Start of PROVIDED DATA
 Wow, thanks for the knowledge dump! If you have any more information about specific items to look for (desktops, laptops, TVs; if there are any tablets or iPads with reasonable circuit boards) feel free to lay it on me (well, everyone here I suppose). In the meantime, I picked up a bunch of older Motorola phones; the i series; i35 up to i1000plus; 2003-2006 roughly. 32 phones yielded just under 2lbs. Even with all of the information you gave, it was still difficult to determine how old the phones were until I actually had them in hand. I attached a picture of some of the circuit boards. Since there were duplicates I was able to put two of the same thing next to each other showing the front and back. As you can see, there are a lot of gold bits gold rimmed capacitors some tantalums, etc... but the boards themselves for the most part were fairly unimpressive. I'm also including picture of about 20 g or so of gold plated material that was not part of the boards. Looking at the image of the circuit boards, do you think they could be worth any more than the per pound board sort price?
End of PROVIDED DATA
Start of PROVIDED DATA
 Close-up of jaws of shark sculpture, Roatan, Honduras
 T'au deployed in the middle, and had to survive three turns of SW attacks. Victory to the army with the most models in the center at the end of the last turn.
End of PROVIDED DATA
### HOW TO COMPLETE THIS TASK
All that is wanted is an exact copy of the lines above from the one with "Close-up of jaws" through the one with "T'au deployed in", with both ends included.

### RESULT OF THIS EXERCISE
 Close-up of jaws of shark sculpture, Roatan, Honduras
 T'au deployed in the middle, and had to survive three turns of SW attacks. Victory to the army with the most models in the center at the end of the last turn.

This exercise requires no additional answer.